I think we want to avoid checking whether the string is long or short again and again. Would likely save a few cycles.

philnik marked 2 inline comments as done.Dec 12 2021, 2:21 PM
philnik added inline comments.
libcxx/include/string
3222

This code is part of the initial libc++ commit. Unless you know where to get any (svn?) log, I think this question can't be answered. The only thing I could guess is some sort of compiler limitation 12+ years ago.
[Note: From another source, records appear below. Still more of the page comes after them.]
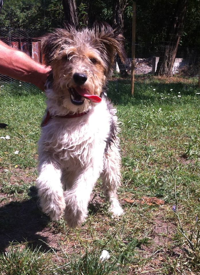 Teri ma ok. 8 miesięcy, biegał po rondzie w Kowanówku. Bardzo żywiołowy psiak, jak na teriera przystało. Teri bardzo interesuje się suczkami.
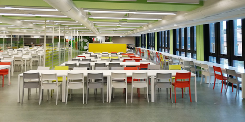 - la linea classica, con primi, secondi e contorni, su due piani, a banconi free flow (per la libera scelta dei piatti e la riduzione delle file) e uno con zona pizzeria, con forno a vista (attiva la sera);
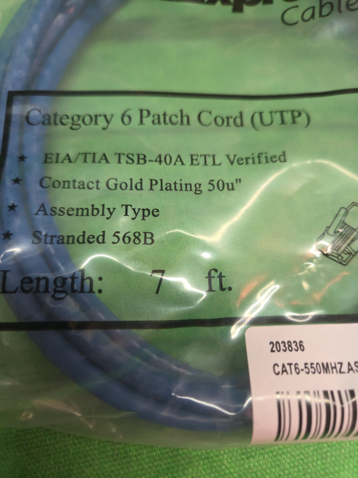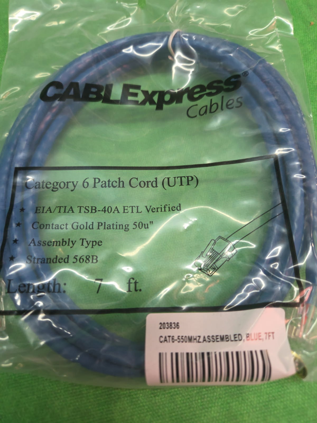 CAT 6 UTP Blue Patch Cable 23AWG 550MHz RJ45 Network 7 feet NEW LOT 10 PCS
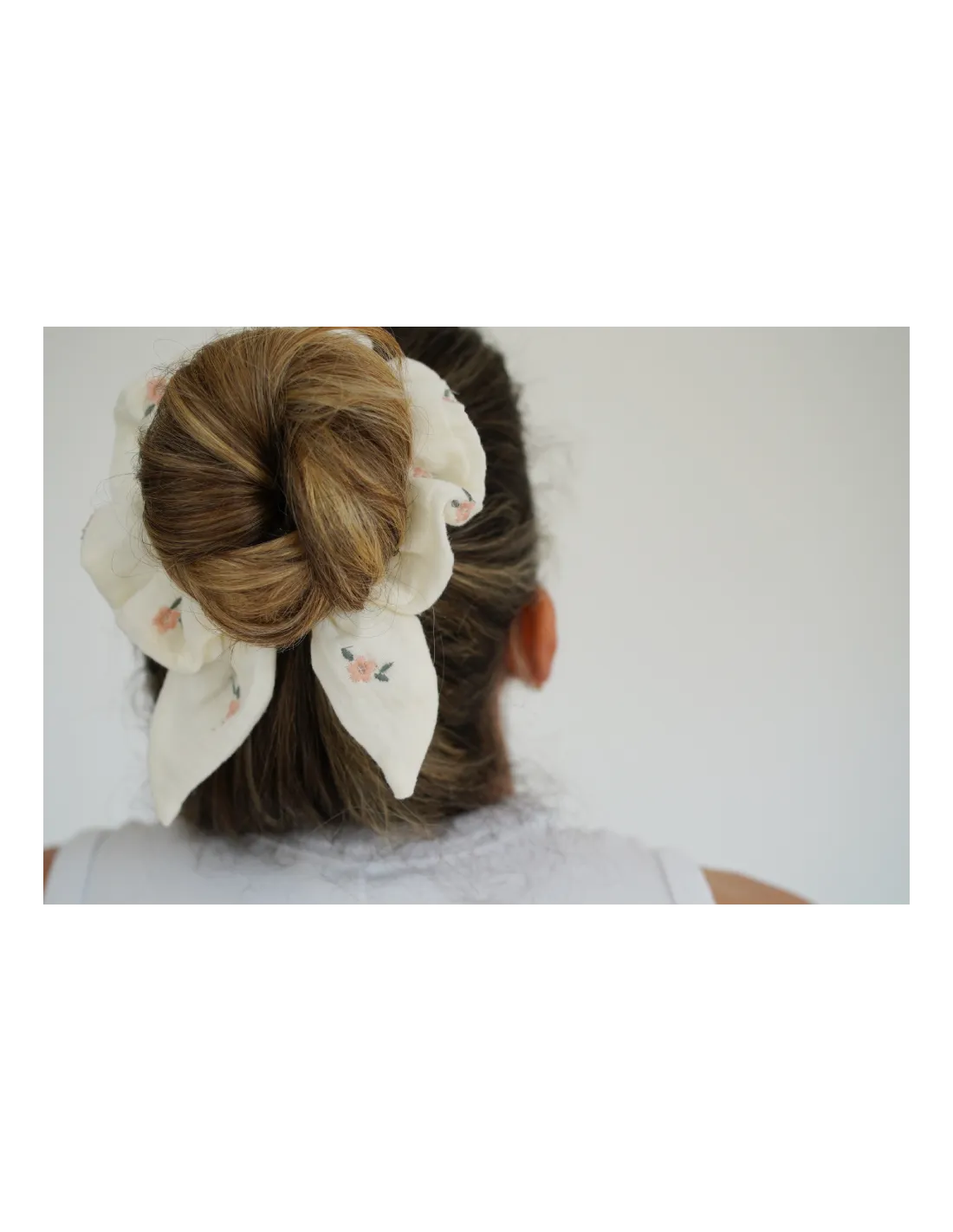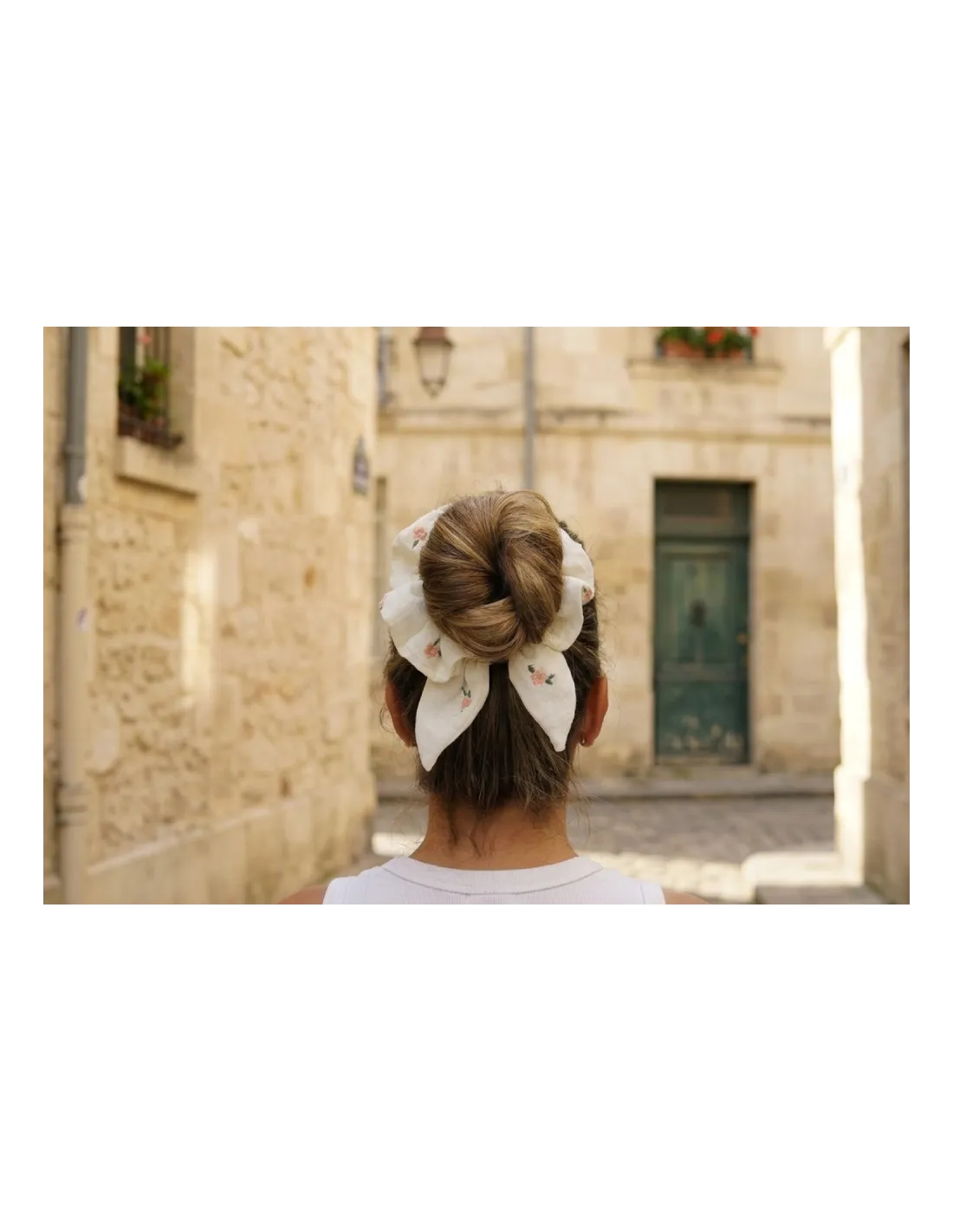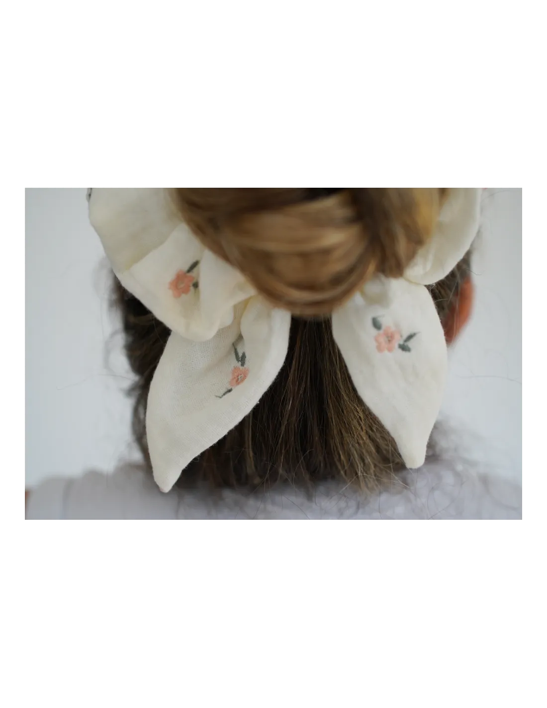 Un chouchou nœud en double gaze de coton ivoire délicatement brodé de petites fleurs rose poudré. Romantique et lumineux, il sublime vos coiffures avec douceur.

ldionne accepted this revision.Dec 13 2021, 6:16 AM

LGTM with comment. Thanks for the refactoring, and happy this gets us closer to being constexpr friendly.

libcxx/include/string
3020
This revision is now accepted and ready to land.Dec 13 2021, 6:16 AM
Quuxplusone accepted this revision.Dec 13 2021, 8:55 AM
Quuxplusone added inline comments.
libcxx/include/string
3001

Same issue as line 3020: either __sz + (__n2 - __n1) or __sz - __n1 + __n2.

3020

Or "match line 3023" should also work, I think: __sz - __n1 + __n2
The important thing is not to let __sz + __n2 be a subexpression, because it might wrap around, triggering that UBSan checker.

philnik updated this revision to Diff 394081.Dec 13 2021, 4:22 PM
philnik marked 4 inline comments as done.

Added paranthesis

This revision was automatically updated to reflect the committed changes.